| What the exercise asks |
Instruction for the entries below: return the part that opens with the line containing "新闻中心讯(特约记者 刘璐)" and closes with the line containing "Starší dcera má", exactly, and no pictures.

| Supplied entries |
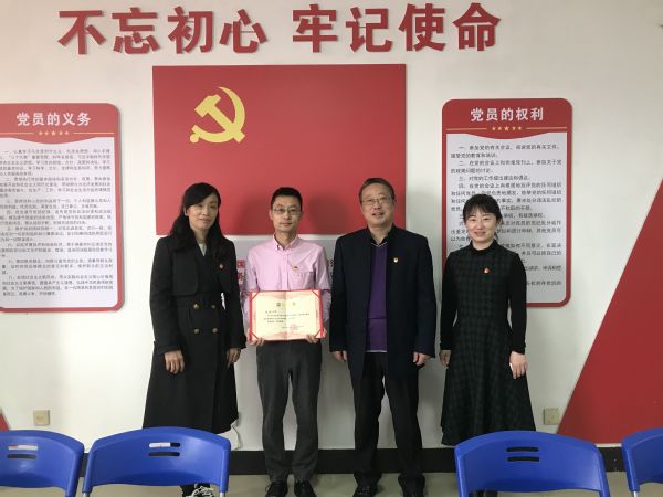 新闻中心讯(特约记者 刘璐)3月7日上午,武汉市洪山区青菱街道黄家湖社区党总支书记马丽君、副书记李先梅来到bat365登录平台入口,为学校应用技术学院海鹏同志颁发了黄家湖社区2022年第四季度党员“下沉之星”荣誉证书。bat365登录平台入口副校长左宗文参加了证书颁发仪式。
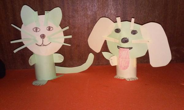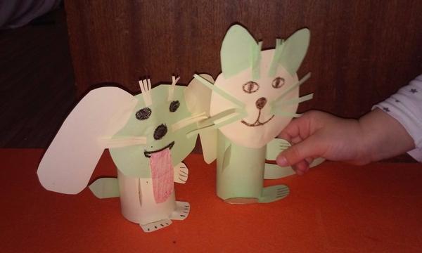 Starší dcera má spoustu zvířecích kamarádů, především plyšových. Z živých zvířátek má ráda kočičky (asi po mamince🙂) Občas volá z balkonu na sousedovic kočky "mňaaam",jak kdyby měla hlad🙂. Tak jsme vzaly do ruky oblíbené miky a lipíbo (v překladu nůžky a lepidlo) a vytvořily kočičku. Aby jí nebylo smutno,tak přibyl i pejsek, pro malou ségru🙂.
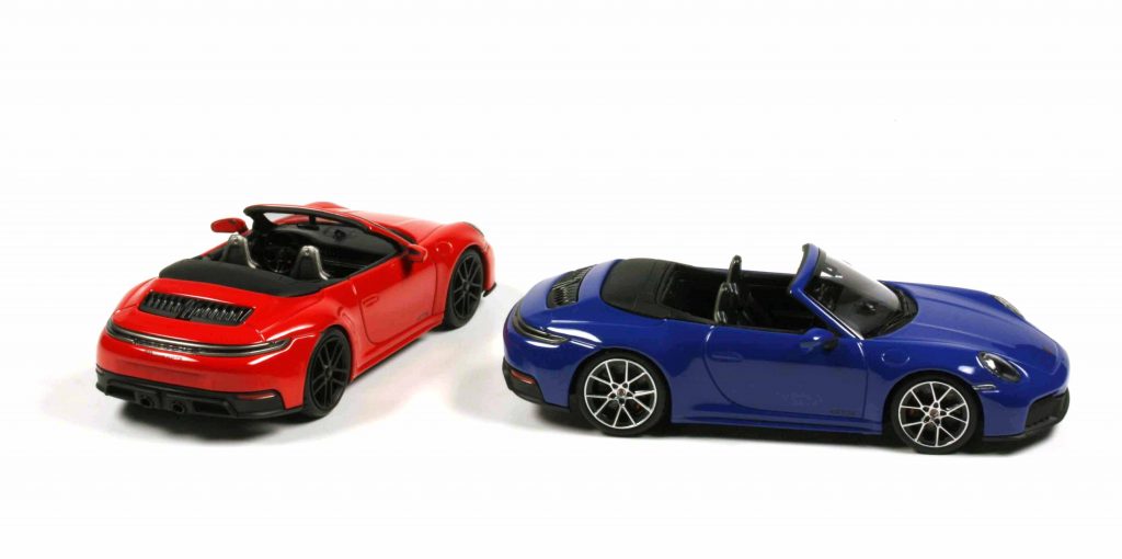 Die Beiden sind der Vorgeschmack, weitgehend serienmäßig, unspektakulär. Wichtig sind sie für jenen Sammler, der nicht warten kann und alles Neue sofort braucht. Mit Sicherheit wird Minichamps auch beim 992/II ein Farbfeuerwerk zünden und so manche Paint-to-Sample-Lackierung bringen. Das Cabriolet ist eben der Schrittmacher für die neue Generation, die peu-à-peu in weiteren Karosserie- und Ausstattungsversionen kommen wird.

...

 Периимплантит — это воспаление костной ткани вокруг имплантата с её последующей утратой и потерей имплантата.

| Result of this task |
 新闻中心讯(特约记者 刘璐)3月7日上午,武汉市洪山区青菱街道黄家湖社区党总支书记马丽君、副书记李先梅来到bat365登录平台入口,为学校应用技术学院海鹏同志颁发了黄家湖社区2022年第四季度党员“下沉之星”荣誉证书。bat365登录平台入口副校长左宗文参加了证书颁发仪式。
 Starší dcera má spoustu zvířecích kamarádů, především plyšových. Z živých zvířátek má ráda kočičky (asi po mamince🙂) Občas volá z balkonu na sousedovic kočky "mňaaam",jak kdyby měla hlad🙂. Tak jsme vzaly do ruky oblíbené miky a lipíbo (v překladu nůžky a lepidlo) a vytvořily kočičku. Aby jí nebylo smutno,tak přibyl i pejsek, pro malou ségru🙂.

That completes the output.